Here we iterated over the variables. For a single simulation we could do this automatically:

In [19]:
sims[0](['C1.v', 'C2.v', 'L.v']).FV()
Out[19]:
[2.2080979, 0.0014105374, -0.012604702]

where these values form the first "column" of the previous dictionary.

Speed considerations

In the tutorial, we saw two ways to access variables: the get item method (square brackets) and the call method (parentheses). The get item method allows access to only one variable at a time but is a little faster:

In [20]:
sim = SimRes('ChuaCircuit.mat')
In [21]:
timeit sim['L.i'].values()
1000000 loops, best of 3: 1.33 µs per loop
In [22]:
timeit sim('L.i').values()
1000000 loops, best of 3: 1.58 µs per loop

Both of these approaches consist of two steps: accessing the variable (sim['L.i'] or sim('L.i')) and reading the values. The first step takes almost as much time as the second, but it only needs to be performed once. If we need to access a variable or a group of variables multiple times (to get their values, units, times, etc.), it's best to assign a variable to the entry or entries:

In [23]:
Li = sim['L.i']

With the first step out of the way, we can now retrieve information more quickly:

In [24]:
timeit Li.values()
1000000 loops, best of 3: 712 ns per loop

The same holds for the call method. We'll access the voltages of all of the components in the ChuaCircuit:

In [25]:
voltages = sim.names('^[^.]*.v$', re=True)

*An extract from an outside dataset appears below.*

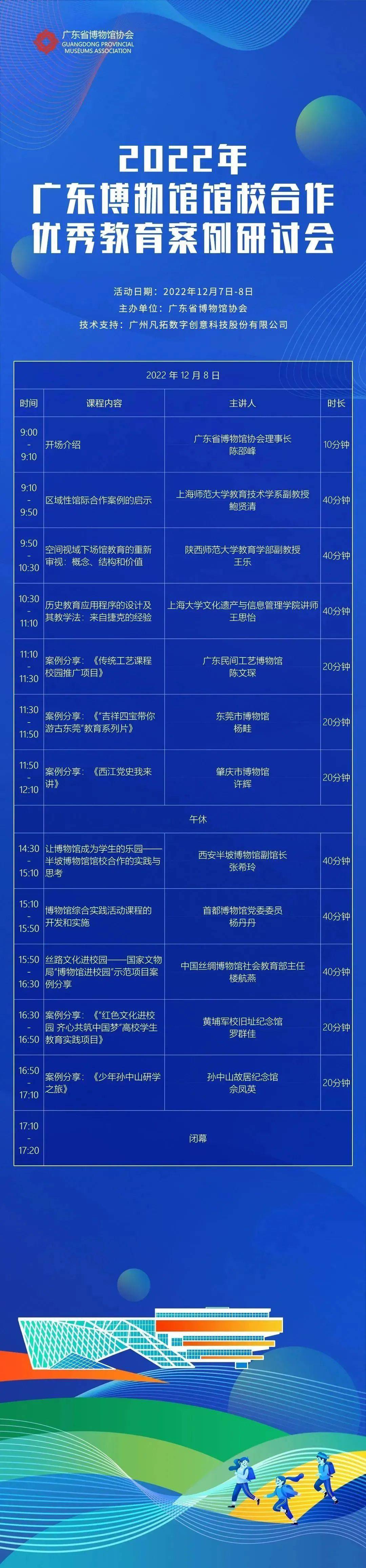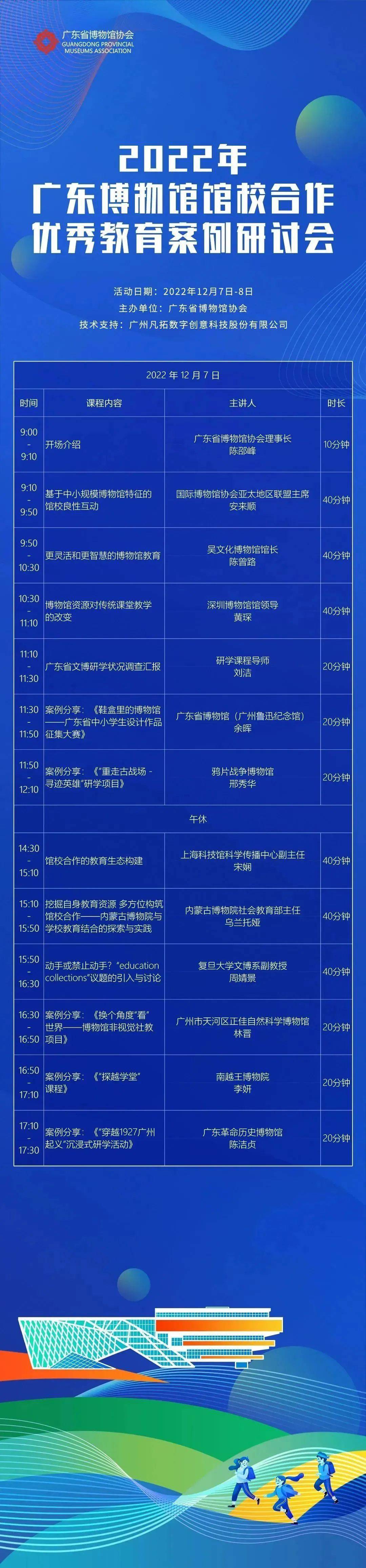 2022年12月7-8日,广东省博物馆协会将在线上举办“2022年广东博物馆馆校合作优秀教育案例研讨会”,为期2天,邀请来自高校、教育和文博系统三个领域的专家及“2022年广东博物馆馆校合作优秀教育项目”获奖单位代表,与来自全省各地博物馆和教育系统的从业人员进行汇报交流,从三方角度出发,共同探讨如何有效推动馆校合作的进一步发展。

Running both steps at once

In [26]:
timeit sim(voltages).values()
100000 loops, best of 3: 9.82 µs per loop

takes almost twice as long as the second step alone:

In [27]:
v = sim(voltages)
In [28]:
timeit v.values()
100000 loops, best of 3: 6.06 µs per loop

As shown in the plot below, the simulation file loading time is not extremely quick, but it is but manageable -- slightly better than half a second for a 2 MB file. The constants_only initialization option of SimRes saves about 15 to 25% of the load time and may be useful if it is only necessary to read parameters.

In [29]:
d = DataFrame({'file size / B':[14679, 19835, 43027, 100403, 176259, 278277, 
                                347461, 380311, 924934,  1863585, 2141881],
               'load time / s': [0.0044, 0.0012, 0.00334, 0.0093, 0.0279, 0.0242,
                                 0.0639, 0.0333, 0.0766, 0.166, 0.458]})
plt.plot(d['file size / B']/1e6, d['load time / s']*1e3, 'o-')
plt.title("File loading time using ModelicaRes\n"
          "Samsung ATIV Book 8, Intel Core i7-3635QM, Ubuntu 14.04")
plt.xlabel('File size / MB')
plt.ylabel('Loading time / ms')
plt.grid(True)

There appears to be about a 60% memory overhead associated with the data. A 278.3 kB file took approximately 4.5 GB of system memory when loaded 10,000 times:

In [30]:
4.5e9/(1e4*278.3e3) - 1
Out[30]:
0.617

Contributing

Now you've seen the main features of ModelicaRes besides the exps module (tools to help set up and run simulation experiments). If there is a compelling use case or feature you'd like to see added, please consider developing it yourself and sharing it by a pull request to the master branch of the GitHub repository. The ModelicaRes source code is well documented and organized to allow expansion.